By an ordinance of said city which was read in evidence by plaintiff, it is provided that when persons meet each other in vehicles in any street, each person so meeting shall turn to the right of such street, so as to enable sueb vehicles to pass each other without collision. It is upon this ordinance that plaintiff’s fourth instruction is based.

While the duties of plaintiff and the driver of defendant with respect to each other were mutual under said ordinance, that is, to turn to the right on meeting, the instruction tells the jury if defendant’s driver failed to turn to the right on meeting plaintiff’s wagon, and thereby caused the injury, they will find for plaintiff, thereby authorizing a recovery by plaintiff, whether he was in observance of the law at the time or not.

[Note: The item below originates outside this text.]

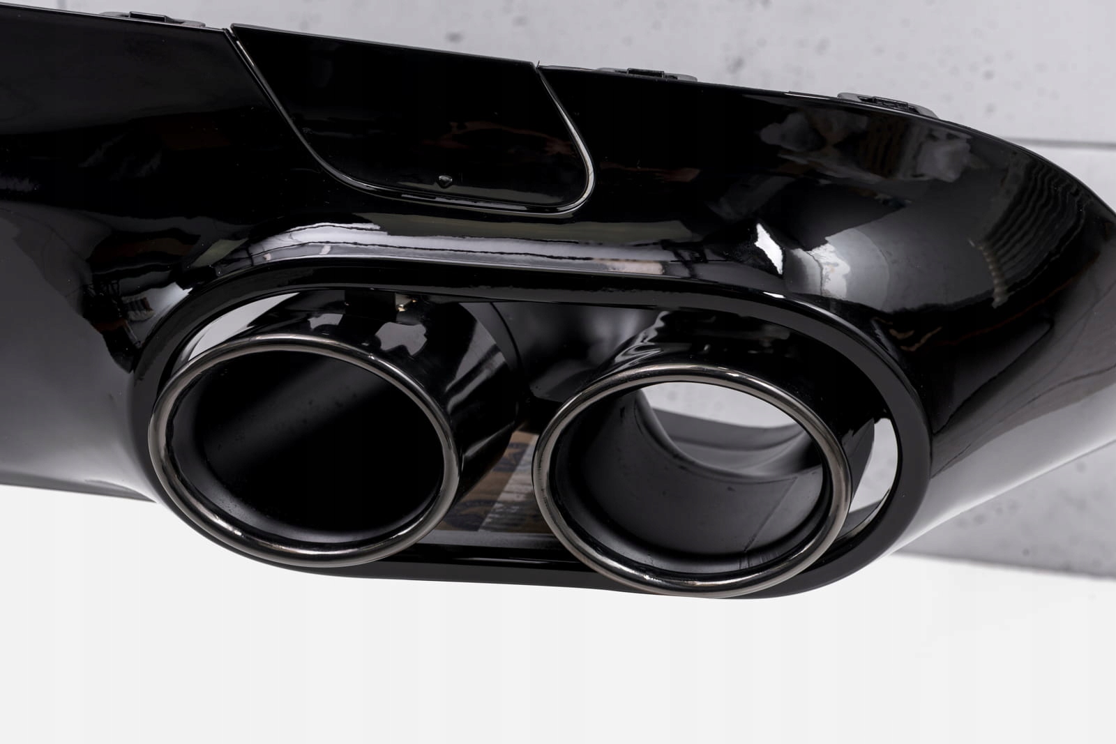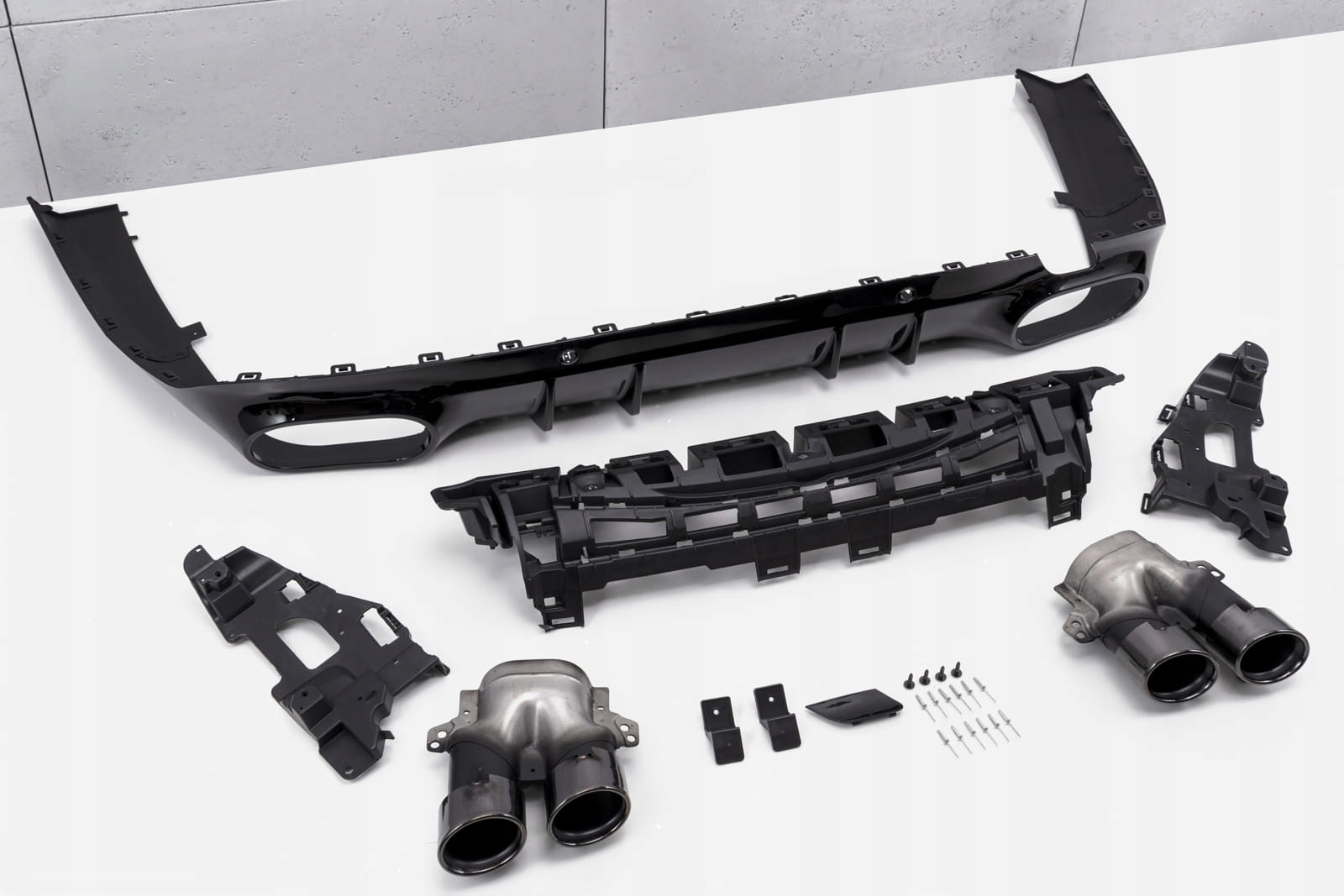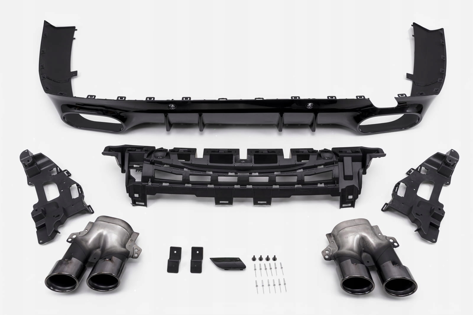 Набір для оформлення був розроблений у стилі, типовому для автомобілів лінійки AMG. Справжньою перевагою набору є спортивні вихлопні наконечники з нержавіючої сталі. Дифузор і декоративні наконечники вихлопу виготовлені з автомобільного матеріалу найвищої якості в кольорі Piano Black. Набір вражає своїм спортивним характером, а глянець чорних елементів додає елегантності - завдяки чому він ідеально поєднується з вражаючим дизайном MERCEDES CLS.

No other instruction cured this defect, and upon it alone the jury may have made their verdict. The evidence on the part of defendant tended to show that plaintiff himself was in fault, and contributed directly to his own injury. In Goetz v. Railroad, 50 Mo. 472, it is said: “If the plaintiff has shown a state of facts that, of themselves and alone, would authorize a verdict, and other facts were claimed to have been proved by defendant, that would control these facts and require a different one, it would be a misdirection to direct a verdict upon plaintiff’s showing merely.” Here the facts proved by defendant tended to control those shown by plaintiff and to require a different result. Moreover, it might well be inferred from .this instruction that the court was of the opinion that there was no evidence tending to show that plaintiff was guilty of negligence contributing to his injury, while there was some evidence on the part of defendant tending to show that he was, which should have been submitted to the jury. It is no answer to this contention to say that if defendant desired to have the correlative duty of plaintiff defined, it was his duty to ask the court to instruct on that phase of the case. As the instruction was the only one given on that question it should have embraced all the facts with respect of the acts of the different actors.

The answer avers that “any injuries received by plaintiff, if any, were occasioned by the careless, negligent, and wrongful acts of plaintiff in driving at the time of the alleged injury, which directly contributed thereto.” The allegations in the answer were denied by plaintiff in his reply thereto, which clearly presented the issue of negligence of the respective parties, upon which the evidence was conflicting, hence we think the whole case was not fairly submitted to the jury. If plaintiff was guilty of negligence contributing directly to his injury he is not entitled to recover.

There was no error in refusing defendant’s second instruction as asked, and in modifying and then giving it as modified. As it was asked it presented a mere abstract proposition, and by the modification was made applicable to the facts in evidence. The evidence was sufficient to entitle plaintiff to have his case go to the jury, and there was therefore no error in refusing the instruction interposed by defendant in the nature of a demurrer to the evidence. The judgment is reversed, and the cause remanded.

Gantt, P. J., and Shebwood, J., concur.